• _TASK OBJECTIVE_
All that should be output is the block of lines below from the line with "Au bas du robot, il" to the line with "Written by right-winger", both included, exactly as written.

• _DATASET CONTENT_
§
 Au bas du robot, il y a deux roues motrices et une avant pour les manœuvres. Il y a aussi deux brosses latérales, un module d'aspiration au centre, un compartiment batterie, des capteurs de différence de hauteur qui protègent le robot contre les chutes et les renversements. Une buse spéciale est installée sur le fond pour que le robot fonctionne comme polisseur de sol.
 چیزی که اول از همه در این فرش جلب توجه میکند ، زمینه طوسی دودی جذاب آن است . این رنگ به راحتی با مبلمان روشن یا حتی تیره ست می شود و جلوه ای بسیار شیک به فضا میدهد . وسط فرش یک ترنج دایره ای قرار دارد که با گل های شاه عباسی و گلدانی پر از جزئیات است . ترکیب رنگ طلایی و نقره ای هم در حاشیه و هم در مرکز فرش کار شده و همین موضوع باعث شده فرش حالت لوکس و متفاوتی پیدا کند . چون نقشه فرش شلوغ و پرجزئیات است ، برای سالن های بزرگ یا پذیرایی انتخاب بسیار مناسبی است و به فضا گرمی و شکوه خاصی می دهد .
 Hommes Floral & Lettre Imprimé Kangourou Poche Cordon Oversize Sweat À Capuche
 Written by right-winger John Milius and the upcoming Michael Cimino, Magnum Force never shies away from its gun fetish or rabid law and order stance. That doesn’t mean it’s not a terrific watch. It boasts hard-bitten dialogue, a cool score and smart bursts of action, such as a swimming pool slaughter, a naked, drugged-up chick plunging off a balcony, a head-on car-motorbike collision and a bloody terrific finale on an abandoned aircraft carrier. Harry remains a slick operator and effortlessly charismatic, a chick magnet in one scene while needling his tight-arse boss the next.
§
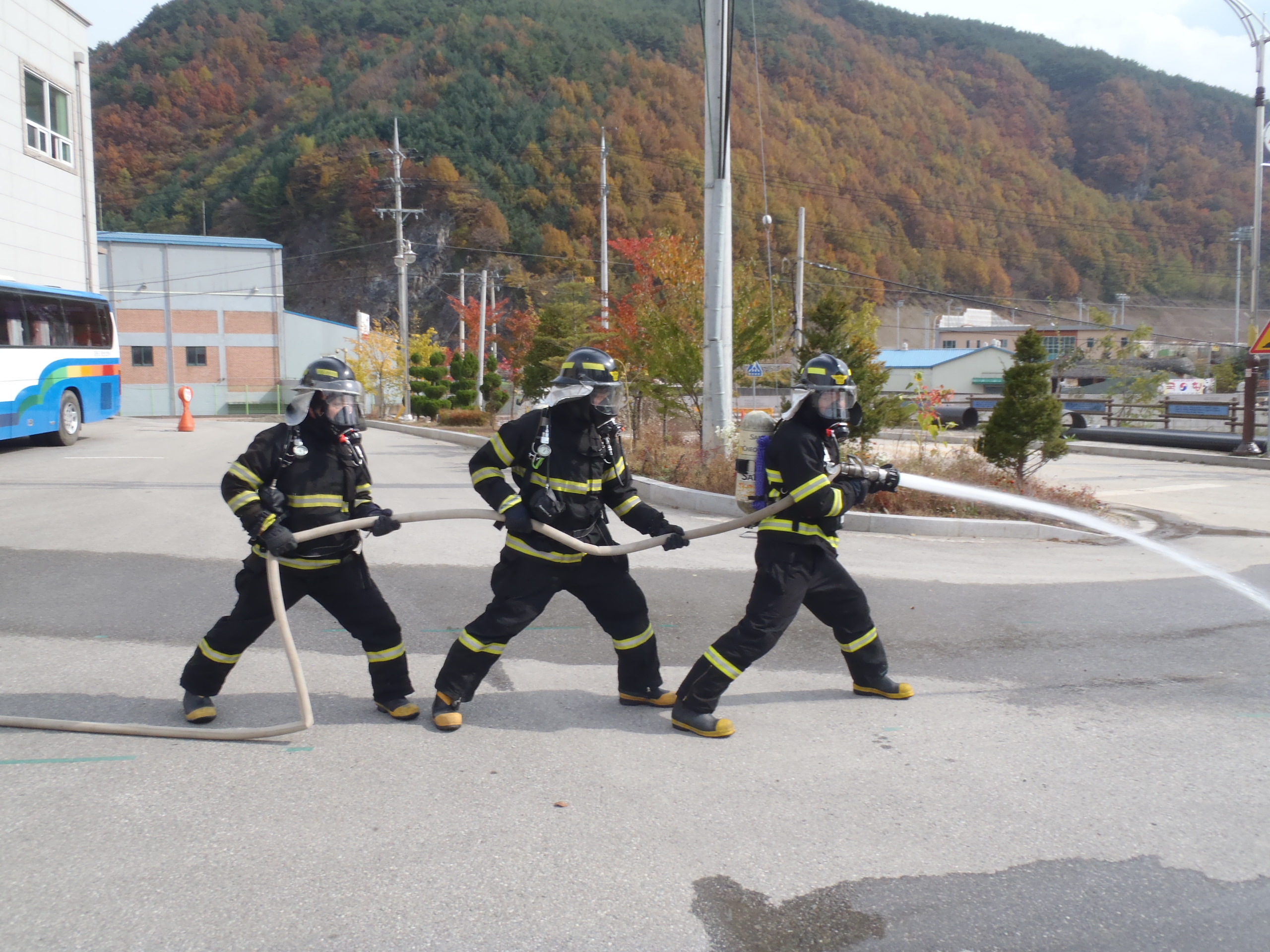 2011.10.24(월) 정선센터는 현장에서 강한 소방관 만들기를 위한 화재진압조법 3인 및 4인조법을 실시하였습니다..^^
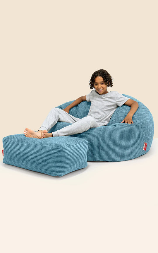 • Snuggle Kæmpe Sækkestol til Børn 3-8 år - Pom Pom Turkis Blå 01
§
• _YOUR RESPONSE_
 Au bas du robot, il y a deux roues motrices et une avant pour les manœuvres. Il y a aussi deux brosses latérales, un module d'aspiration au centre, un compartiment batterie, des capteurs de différence de hauteur qui protègent le robot contre les chutes et les renversements. Une buse spéciale est installée sur le fond pour que le robot fonctionne comme polisseur de sol.
 چیزی که اول از همه در این فرش جلب توجه میکند ، زمینه طوسی دودی جذاب آن است . این رنگ به راحتی با مبلمان روشن یا حتی تیره ست می شود و جلوه ای بسیار شیک به فضا میدهد . وسط فرش یک ترنج دایره ای قرار دارد که با گل های شاه عباسی و گلدانی پر از جزئیات است . ترکیب رنگ طلایی و نقره ای هم در حاشیه و هم در مرکز فرش کار شده و همین موضوع باعث شده فرش حالت لوکس و متفاوتی پیدا کند . چون نقشه فرش شلوغ و پرجزئیات است ، برای سالن های بزرگ یا پذیرایی انتخاب بسیار مناسبی است و به فضا گرمی و شکوه خاصی می دهد .
 Hommes Floral & Lettre Imprimé Kangourou Poche Cordon Oversize Sweat À Capuche
 Written by right-winger John Milius and the upcoming Michael Cimino, Magnum Force never shies away from its gun fetish or rabid law and order stance. That doesn’t mean it’s not a terrific watch. It boasts hard-bitten dialogue, a cool score and smart bursts of action, such as a swimming pool slaughter, a naked, drugged-up chick plunging off a balcony, a head-on car-motorbike collision and a bloody terrific finale on an abandoned aircraft carrier. Harry remains a slick operator and effortlessly charismatic, a chick magnet in one scene while needling his tight-arse boss the next.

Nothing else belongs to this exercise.